Kaldi Memory Leak - Githubissues

kaldi-asr / kaldi

kaldi-asr/kaldi is the official location of the Kaldi project.

http://kaldi-asr.org

Other

14.32k stars 5.33k forks source link

Kaldi Memory Leak #4723

Open TienVTK opened 2 years ago

TienVTK commented 2 years ago

Hi all

I have an issue about memory leak when I run kaldi code on RTX 3090 Memory didn't free when all processs done (done decode kaldi). No code modification with my experiment. Demo source: https://github.com/kaldi-asr/kaldi/blob/master/src/cudadecoderbin/batched-wav-nnet3-cuda-online.cc

Any idea about this problem?

danpovey commented 2 years ago

That's not really how CUDA allocation works.. you don't need to free things manually; when the process dies it is automatically freed. If it were not all freed, it would be a bug in the CUDA drivers.

TienVTK commented 2 years ago

I don't think it's good idea. My problem is memory leak (RAM). I understand clearly that memory is freed when process die. In my case, we build kaldi like as a server, we need a long-live process from server side where serv many request from users. And my expectation is that kaldi could free memory (RAM) when request is done.

danpovey commented 2 years ago

If memory usage is constantly growing, that is a problem and should be addressed. If not all things are freed at program exit, but they don't grow in an unlimited way, that doesn't really affect users so it wouldn't be a priority to fix. You'd need to be more specific about the problem.

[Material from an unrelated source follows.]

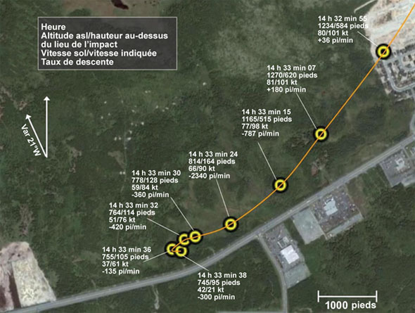 Quand les pilotes se sont rendu compte que le moteur ne reprenait pas de la puissance, ils avaient dépassé la tourbière. Ils ont alors exécuté un virage serré de 180 degrés en tentant de retourner à la tourbière pour y faire un atterrissage forcé, ce qui a mis l'hélicoptère dans une situation d'atterrissage par vent arrière de 25 nœuds. L'autorotation a été exécutée à une vitesse indiquée plus grande que celle recommandée qui a, une fois combinée au virage serré, augmenté le taux de descente. Ce taux de descente élevé n'a pas pu être annulé avant le toucher en raison du bas régime du rotor principal.

TienVTK commented 2 years ago

Here is all of my steps

Run Demo (with a little code modification to keep demo alive)
Push 100 request concurrence to demo
Check RAM by 'htop' linux ==> RAM increase significantly 3.1. Back to step 2 and loop
After 4 times retry (step 2). Out of memory happened I think it is memory leak

I try to reduce memory leak by reset corr_id (corr_id = corr_id % MAX_CORR_ID) RAM usage increase but it is in an limited way.

I want to ask "the way to fix mem-leak like that makes other errors?" or other suggestion to fix this problem?

Many thanks,

nshmyrev commented 2 years ago

We use online code in a server, you can try with a docker:

https://hub.docker.com/repository/docker/alphacep/kaldi-vosk-server-gpu

it is stable, no leaks. There should be leaks somewhere else. It is not easy to use the code properly though.

TienVTK commented 2 years ago

Could you share vosk source? We need to natively build and deploy because of our feature.

Many thanks.

Vào 17:52, T.5, 14 Th4, 2022 Nickolay V. Shmyrev @.***> đã viết:

We use online code in a server, you can try with a docker:

https://hub.docker.com/repository/docker/alphacep/kaldi-vosk-server-gpu

it is stable, no leaks. There should be leaks somewhere else. It is not easy to use the code properly though.

— Reply to this email directly, view it on GitHub https://github.com/kaldi-asr/kaldi/issues/4723#issuecomment-1099062550, or unsubscribe https://github.com/notifications/unsubscribe-auth/ADUSF7WZ27SZIMV5J446DL3VE72FRANCNFSM5S32S6XQ . You are receiving this because you authored the thread.Message ID: @.***>

nshmyrev commented 2 years ago

Its all on github

https://github.com/alphacep/vosk-api/blob/master/src/batch_recognizer.cc https://github.com/alphacep/vosk-api/blob/master/src/batch_model.cc

stale[bot] commented 2 years ago

This issue has been automatically marked as stale by a bot solely because it has not had recent activity. Please add any comment (simply 'ping' is enough) to prevent the issue from being closed for 60 more days if you believe it should be kept open.